PEDRARIAS
John Lennon escondía una sonrisa sardónica
detrás de una armónica protegida por sus manos, soplándola cadenciosa y
rítmicamente. El entusiasmo se desplegaba irreprimible, sazonado por agudos
chillidos rayanos en histeria de las nada flemáticas fans londinenses. Las imágenes de llanto, aun en blanco y negro,
tenían algo de primitivismo animal y de connotación lúdica con ribetes de
sexualidad a punto de desborde.
Paul McCartney meneaba la cabeza a semejanza
de un metrónomo descontrolado, redondeaba los labios y dejaba escapar un agudo
y cortante “uuuuh”. Se desencadenaba, de seguidas, la gritería con renovado
vigor, a la par que George Harrison desgranaba, con pulso atildado, un rabioso
y metálico sonido en su guitarra “Grestch”, conectada por un cordón umbilical a
un gótico amplificador “Vox”.
Pedrarias miraba ensimismado a Ringo Starr
desde una butaca de la sexta fila, llevándose a la boca mecánicamente un puñado
de maní salado.
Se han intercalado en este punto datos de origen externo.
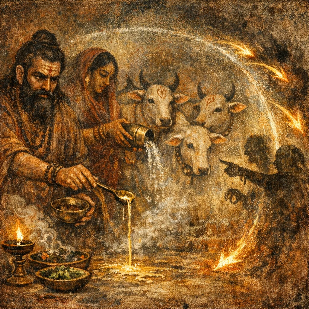 In this hymn Rudra’s fierce power is redirected into guardianship: his “heti” (weapon/missile) is asked to stand around the herd as a deterrent to thieves and hostile forces.
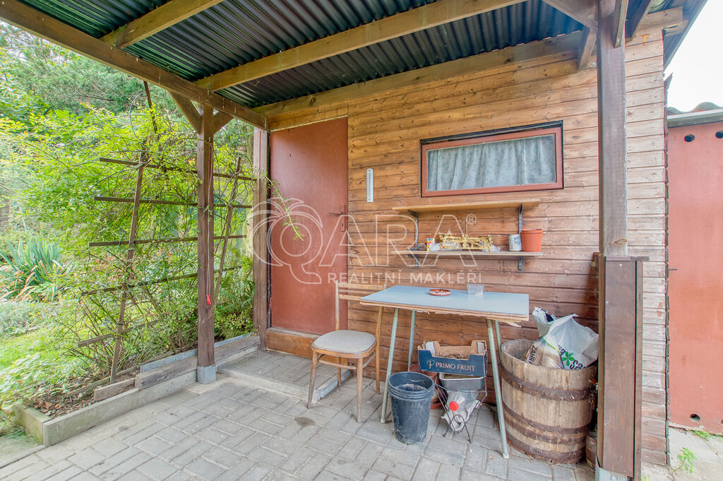 Na zahradě o rozloze 610 m² se nachází vzrostlé stromy a keře, které zajišťují soukromí, a také několik borůvkových keříků. Součástí je i průchozí altánek, který poslouží nejen jako úložný prostor, ale především jako příjemné místo pro letní posezení a grilování.

Las manos llenas de anillos del baterista narizón sostenían las
baquetas con que golpeaba, marcando
regocijadamente el compás, el redoblante, los platillos y el cimbal.
I-I-I should have known better
with a girl like you ...
La letra le era incomprensible, pero el
sonido se le metía por los poros y le estaba provocando síntomas de adicción.
En sus catorce años de vida, nunca había visto una película tres veces como era
el caso presente. Ni siquiera Ben Hur
o Sansón y Dalila, sus favoritas
hasta entonces, le habían causado aquella irresistible inquietud que ahora
experimentaba. El sonsonete rasposo de aquellas guitarras eléctricas y aquellas
voces de aquellos ingleses de tacón alto amalgamaban en su interior una
vibración inefable. Nunca, como en ese momento, la música le había afectado de
manera tan vital. Y lo peor era que, luego de disfrutar del film por primera
vez, le pidió dinero al señor Viera, su padre, a quien se encontraba
acompañando en Caracas, y había comprado el disco con la música de la película.
Lo ponía incontables veces en el radiotocadiscos “Phillips” de su tía Fátima,
gustándole más y más. Una escapada furtiva al cine y la disfrutó de nuevo.
Yeah
yeah yeah rezaba la carátula del acetato con una foto en lo que
aparecían los cuatro miembros del combo, vestidos con unos raros sacos sin
solapa y mostrando una actitud provocativa y sarcástica, como Pedrarias nunca había observado antes en
ningún otro artista. Usualmente, las películas calificadas como juveniles no
pasaban de meras comedias romanticoides, pletóricas de playa y surf, protagonizadas por encopetados y
carilindos galanes, intérpretes de amelcochadas tonadillas que provocaban los
suspiros de las teen agers gringas
que los rodeaban a montones. Incluía, en esta desdeñosa clasificación, desde
Elvis Presley hasta a las copias mexicanas tan en boga entonces, como Enrique
Guzmán y César Costa, cuyas películas solía sufrir en los vermouths dominicales. Pretexto ideal,
por lo demás, para encontrarse a escondidas con María Enriqueta.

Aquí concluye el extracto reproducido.